# Dual Coil RTA Showdown



## CJB85 (4/10/19)

Okay gents, I am considering some dual coil RTA's and being one for the road less traveled (meaning I don't use Rip Trippers as a buyer's guide), I want your opinion on the following two.
Which of these would you buy, or choose if bought for you?
The only rule is no voting without a reason, view or opinion.

Deathwish Mods - Isolation Tank
QP Designs - Fatality M25

Let's get ready to, oh wait, wrong sport!

Reactions: Like 1


----------



## CMMACKEM (4/10/19)

Neither...go for the Reload  

I had the M25, Reload is better if flavor is what you are after. By the way, where is the Isolation RTA available in SA?

Between the two I would probably buy the M25 because I have tried it and it is a solid RTA, worth the price too. I have not tried the Isolation RTA but I prefer postless style decks.
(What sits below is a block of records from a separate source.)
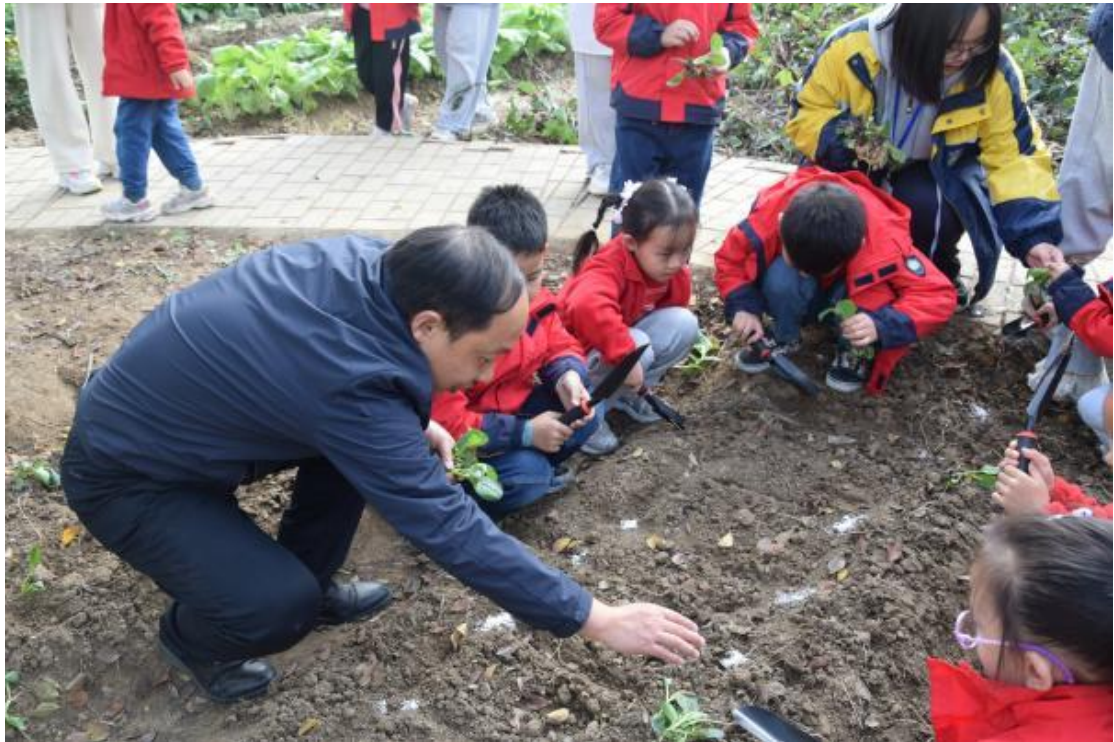
图 2 中小学生对职业体验活动

让体验者尊农重农、仰祖怀宗，文化自信。虽然人们对传统农耕文化的记忆和内涵正在淡化与模糊，但由此延伸的节奏和智慧充满着一种自然的审美，农耕文化的熏陶试图唤起中小学生对这种由古到今延续的智慧。同时，农耕文化室通过农耕文化的宣传片不断的让体验者回归田野，崇尚自然，感恩耕作，喜庆丰收，享受精神的陶冶。
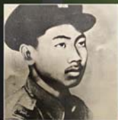
ရဲဘော်ကိုထွေး
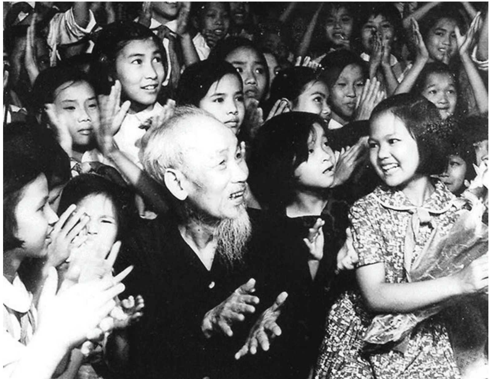
Bác đón Tết Trung thu cùng các em thiếu nhi. Ảnh tư liệu
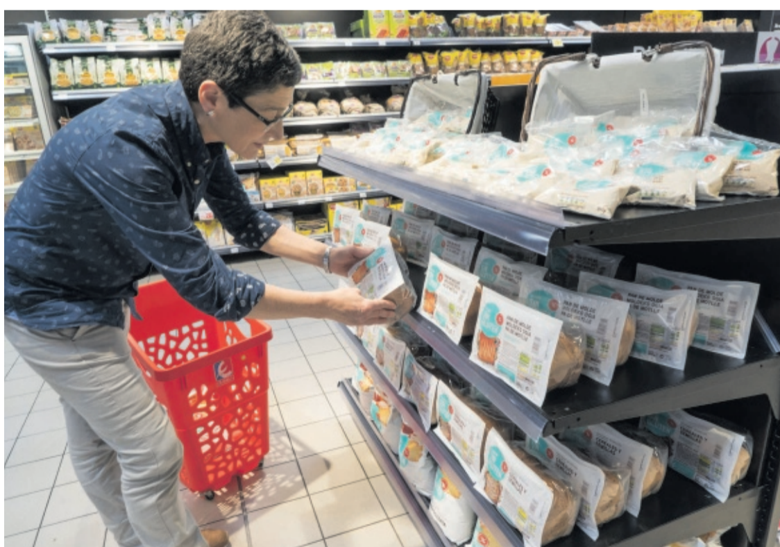
IMAGEN DE LOS PRODUCTOS SIN GLUTEN Y, ARRIBA, LOS ARTÍCULOS DE PROVEEDORES LOCALES QUE OCUPAN UN LUGAR DESTACADO EN LAS TIENDAS.

El compromiso de la entidad con la región se manifiesta también en sensibilizar a los jóvenes riojanos sobre la importancia de una alimentación equilibrada y su
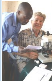
CH Pressfeldt Halmstad Distrikt 2400 Jeepläkare Mumias
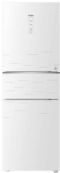
(此图为BCD-219WDGD) (冰箱外观、颜色、图案以实物为准)
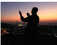
Musliman se moli Allahu
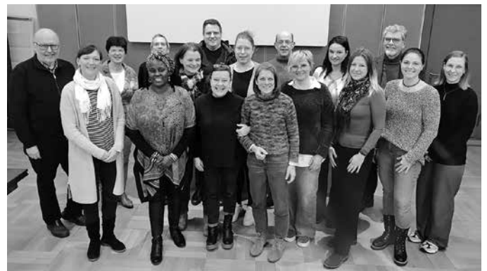
Der neu gegründete Begleitausschuss beschließt zukünftig über die Anträge im Aktiv- und Initiativfonds

Die Partnerschaften für Demokratie werden im Rahmen des Bundesprogramms „Demokratie leben!“ vom Bundesministerium für Familie, Senioren, Frauen und Jugend gefördert.
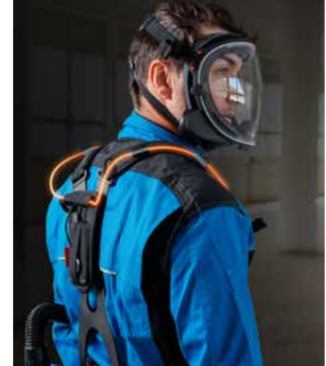
Art. Nr. 710050

...Weitere Details finden Sie auf Seite 95.
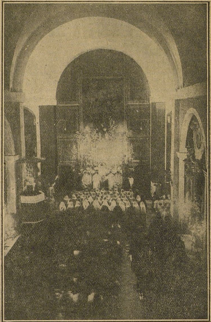
La histórica iglesia donde en tiempos pretéritos resonaban los graves y litúrgicos cánticos de la Comunidad de PP. Capuchinos y en nuestros días tienen lugar las solemnidades religiosas del Colegio de RR. Escolapias.

Así vive Cabra, sin alharacas, ni estridencias consagrada al estudio, por eso es famosa, y por eso es envidiada, por eso todos los años de sus hogares pedagógicos brota una nueva generación, culta, capacitada, instruida y preparada, para la lucha eterna de todos los días y de todos los tiempos: la lucha por la vida.
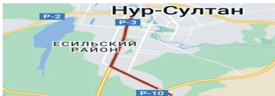
Рисунок 3 - Проспект Кабанбай батыра

Самая длинная улица столицы – Қабанбай батыра (9.4километра). Проспект Кабан- бай-батыра находится в Есильском районе Нур-Султана между мостом через Ишим и кольцевой развязкой по шоссе Каркаралы (Рождественское шоссе). Начинается со съезда с моста, пересекает слева — улицу Космонавтов, справа —Кургальджинское шоссе, пересекает улицу Сарайшык, улицу Динмухамеда Кунаева, Водно-зелёный бульвар, про-спект Достык, улицу Сыганак, улицу Алматы и трассу на аэропорт, продолжается в виде шоссе Каркаралы (Рождественское шоссе), в города Темиртау, Абай, Караганда.
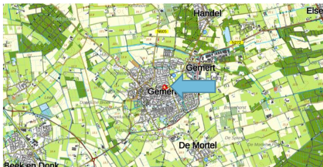
Figuur 1: Topografische kaart ligging plangebied (1:25.000)

De initiatiefnemer is voornemens de woning aan Vicaris van der Asdonckstraat 51 te slopen, en op de braakliggende grond binnen het plangebied 31 wooneenheden, verdeeld over een appartementencomplex, rijwoningen en tweekappers, te realiseren. Hierbij zal de benodigde infrastructuur om de woningen te ondersteunen worden ontwikkeld. Figuur 3 geeft een beeld van de toekomstige situatie.
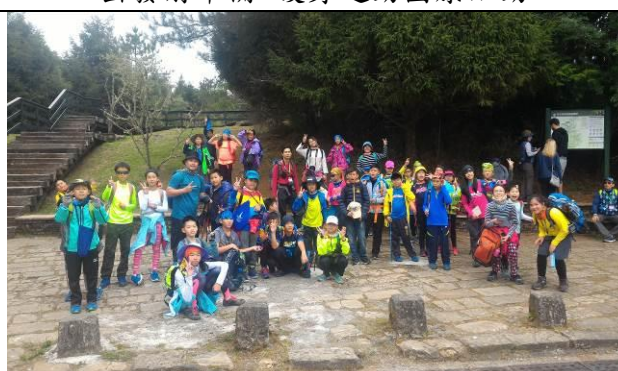
塔塔加-遊客中心合影留念
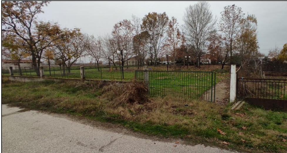
Φωτογραφία 10: Χώρος πρασίνου (νοτιο-δυτικά)

Για τους Γοργοβίτες οι προτεινόμενες παρεμβάσεις αφορούν στην επίτευξη της προσβασιμότητας των υφιστάμενων πεζοδρομίων με την κατασκευή ραμπών πρόσβασης ΑμεΑ και οδεύσεων τυφλών, στην κατασκευή νέων πεζοδρόμων σύνδεσης της πλατείας με το χώρο πρασίνου και το γήπεδο ποδοσφαίρου, στην κατασκευή ραμπών πρόσβασης ΑμεΑ στην πλατεία και στην παιδική χαρά, στην κατασκευή μιας ράμπας ΑμεΑ στο κτίριο του κοινοτικού γραφείου και στη δημιουργία μιας θέσης στάθμευσης ΑμεΑ στο ανατολικό τμήμα της πλατείας. Τέλος, απαιτείται η μετατόπιση ή αφαίρεση του περιπτέρου που βρίσκεται στην πλατεία και το οποίο δεν λειτουργεί.
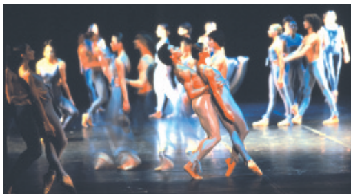
Light - Ballet du XXe siècle
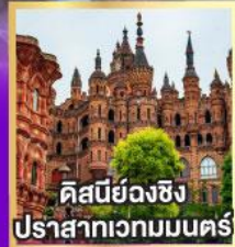
คิสนีย่งฉิ่ง ปราสาทเวกมณฑล
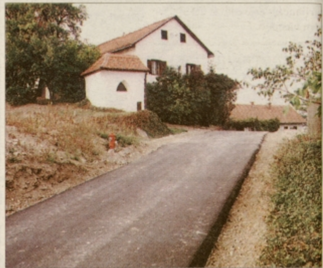
Haloška občina Zavrč je ob letošnjem prazniku bogatejša za blizu 5 km asfaltiranih cest

TEDNIK: Vse čestitke torej ob letošnjem občinskem pra-
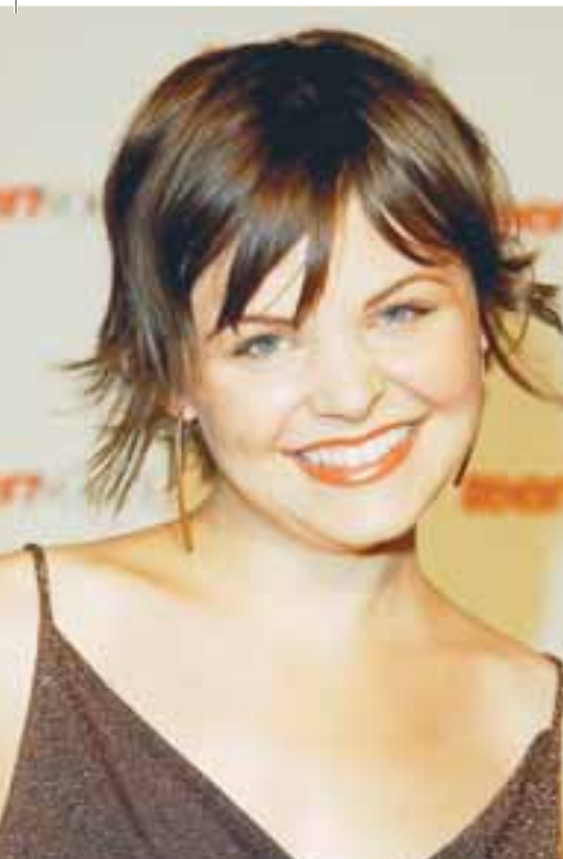
Ótrúlega létt og fersk, með fallega förðun og stelpulega klippingu.
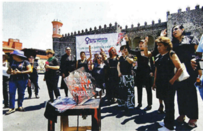
Mujeres protestaron ayer Frente al Palacio de Cortés, en Cuernavaca, para repudiar la protección al diputado morenista Cuauhtémoc Blanco.

"Se vinieron abajo conquistas como la igualdad sustantiva, la equidad y la perspectiva de género, derechos adquiridos por el movimiento feminista como resultado de una larga lucha y ese famoso techo de cristal que se
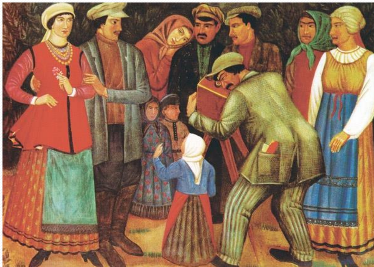
➤ Іван Падалка, «Фотограф», 1927.
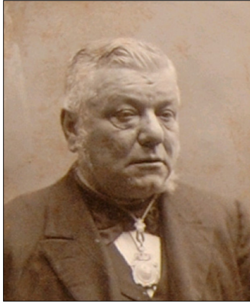
Figura 6. El catedràtic Joan Giné i Partagàs
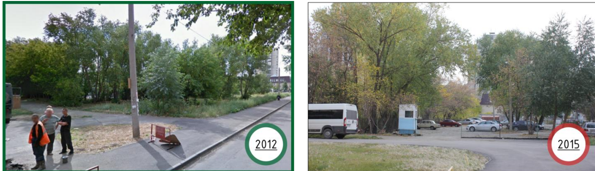
Рис. 3. Пример использования общественной территории под платную автопарковку.

Протекающие в микрорайоне негативные процессы являются предпосылками к утрате ценности жилой среды, нарушению целостности и связности территории, а в итоге – к формированию трущоб.
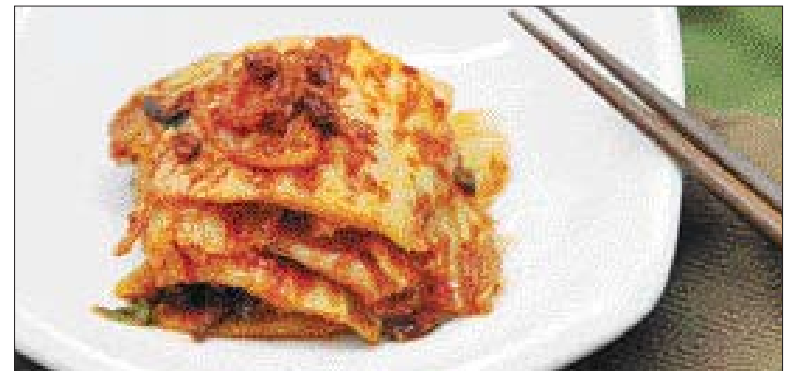
▲구기자 김치=절인 배추에 양념(고춧가루, 찹쌀풀, 말치즈, 북어, 다시마, 구기자, 마늘, 양파 등을 넣어 만든 육수에 생강, 설랑을 넣는다)을 넣고 버무린 뒤 실온에서 하루 숙성한다.

Reactions: Like 1 | Agree 3


----------



## swisscheese (4/10/19)

BETTER THAN A TRUCK FULL OF DILDO'S!!!

Reactions: Funny 2


----------



## swisscheese (4/10/19)

sorry, i couldn't help myself.

I recently bought a Blotto RTA (been squonking strictly for a few months) in search of improved flavour and was suitably impressed. The reason I mention this is that the internals and airflow of the Blotto seem very similar to the Reload. Before wasting money on another paperweight, does anybody who has tried both have an opinion on best for flavour?


----------



## KZOR (4/10/19)

CJB85 said:


> Deathwish Mods - Isolation Tank


Where you planning on ordering it from?

Below R1000
I am a Tauren Beest fan simply because it ticks off all boxes with super flavor and very affordable. Two cons though are the topcap threading and you got to know how to wick it.
Dual coil Intake RTA is defo on my to-buy list as i only heard positive comments on it.
Blotto is also a good option but i have too much respect for THC from which Dovpo copied the deck design that i lost respect for it.

Above R1000
The Fatality M25 has more airflow options with great flavor but the biggest con has to be it's size.
Reload is also a great option with almost everything working in it's favor. I am just not a big fan of it's flat topcap but certain driptips can solve that problem.

And if you draw a line of commonality through all four of these options then it will be the bottom airflow. You cannot really go wrong with any dual coil BA RTA.

Reactions: Winner 2


----------



## Silver (4/10/19)

KZOR said:


> Where you planning on ordering it from?
> 
> Below R1000
> I am a Tauren Beest fan simply because it ticks off all boxes with super flavor and very affordable. Two cons though are the topcap threading and you got to know how to wick it.
> ...



Great insights, thanks @KZOR!

Reactions: Thanks 1


----------